DocketNumber: No. PC-85-755
Judges: Brett, Bussey, Parks
Filed Date: 5/12/1986
Status: Precedential
Modified Date: 11/13/2024
dissenting:
I must respectfully dissent to the majority opinion. The majority correctly cites State v. Smith, 539 P.2d 754 (Okl.Cr.1975), and explains that two provisions which regulate the same subject matter should both be given effect if such effect does not defeat the legislative intent. This Court has also held that “two statutes in apparent conflict should be construed, if reasonably possible, to allow both to stand and be effective.” Brown v. State, 314 P.2d 362, 365 (Okl.Cr.1957).
The majority’s construction of the statutes in the instant case is erroneous, I believe Section 1541.1 prohibits anyone from obtaining or attempting to obtain property:
by means or by use of any trick or deception, or false or fraudulent representation or statement or pretense, or by any other means or instruments or device commonly called the “confidence game”, or by means or use of any false or bogus checks, or by any other written or printed or engraved instrument or spurious coin, ...
21 O.S.Supp.1982, § 1541.1 Conversely, section 1541.6 expressly concerns “refund fraud.” The conduct which is proscribed in this section is the giving of “a false or fictitious name or address as his own, or giv[ing] the name or address of any other person without the knowledge and consent of that person, ...” 21 O.S.Supp.1984, § 1541.6 The conduct described in these two sections is clearly distinguishable.
The majority justifies its reasoning by asserting that section 1541.6 is an attempt statute. The majority further asserts that the language of the section, viz., “for the purpose” of obtaining, indicates only the offense of attempt. In my opinion, this also is erroneous. Section 1541.6, in entirety, provides:
A. No person shall give a false or fictitious name or address as his own, or give the name or address of any other person without the knowledge and consent of that person, for the purpose of obtaining or attempting to obtain a refund for merchandise from a business establishment.

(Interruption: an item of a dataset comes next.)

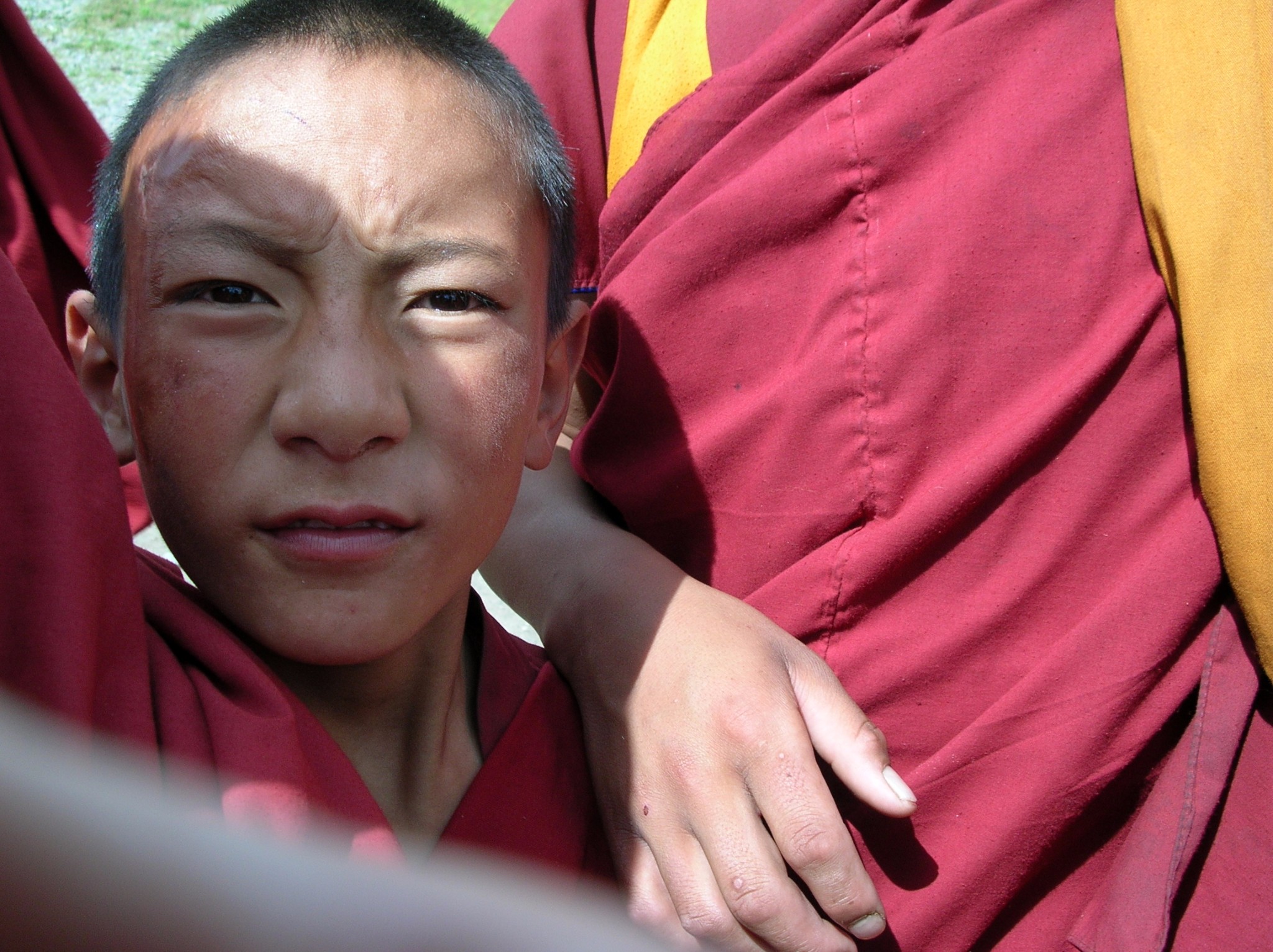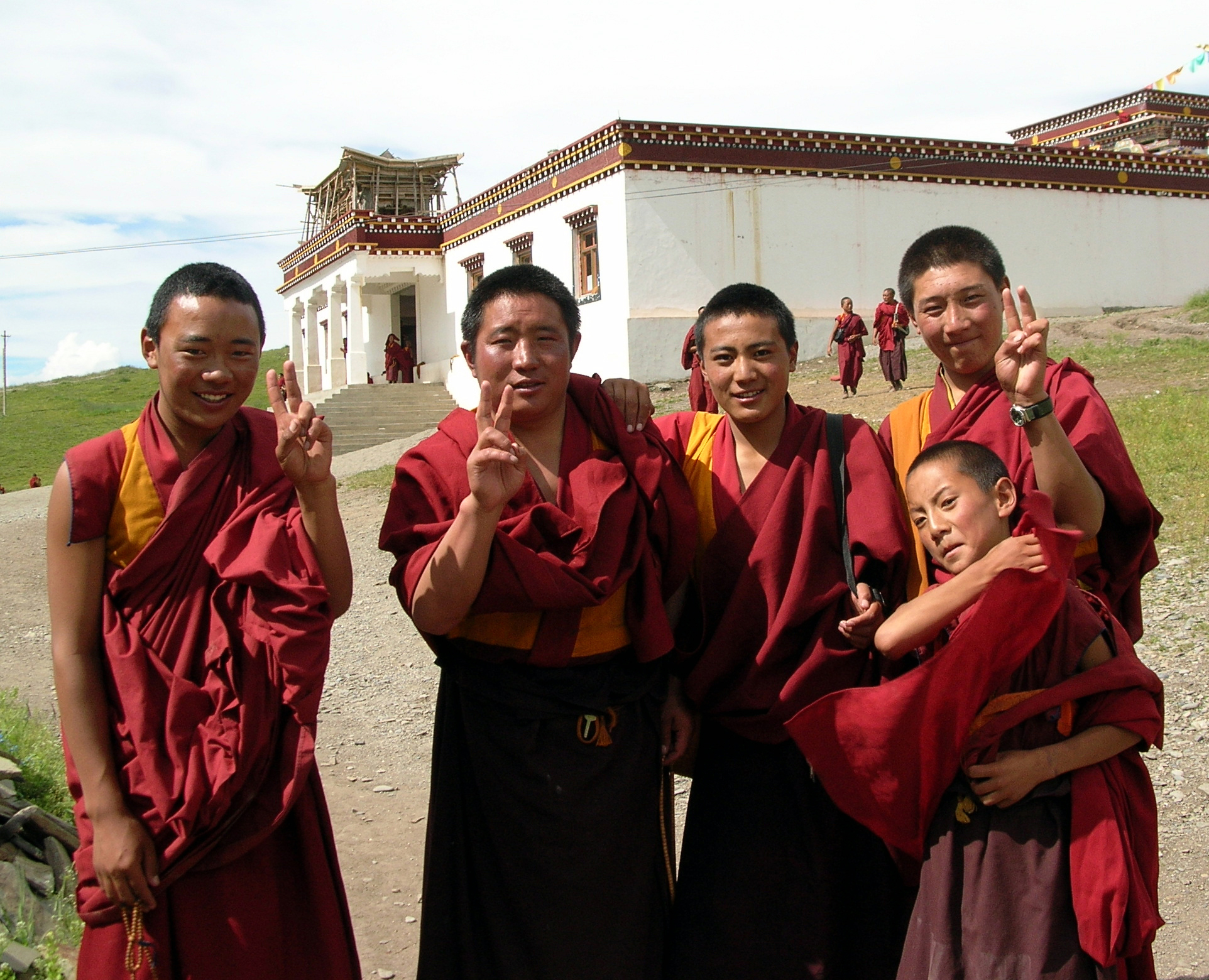 遇到一群下课的喇嘛,他们背着书包,拿着经书,还有的佩戴了佛学院的校徽,就象一群下课的学生。给他们拍照时,都争相打出内地曾经很流行的“胜利”手势来。

This Court has held that “the word ‘or’ in penal statutes is seldom used other than as a disjunctive.” Magness v. State, 476 P.2d 382, 383 (Okl.Cr.1970). Hence, this section describes both the attempted and completed conduct.
The statutes should, therefore, be given effect independent of one another. The order of the trial court, granting appellee’s application for post-conviction relief, should be affirmed. I therefore respectfully dissent.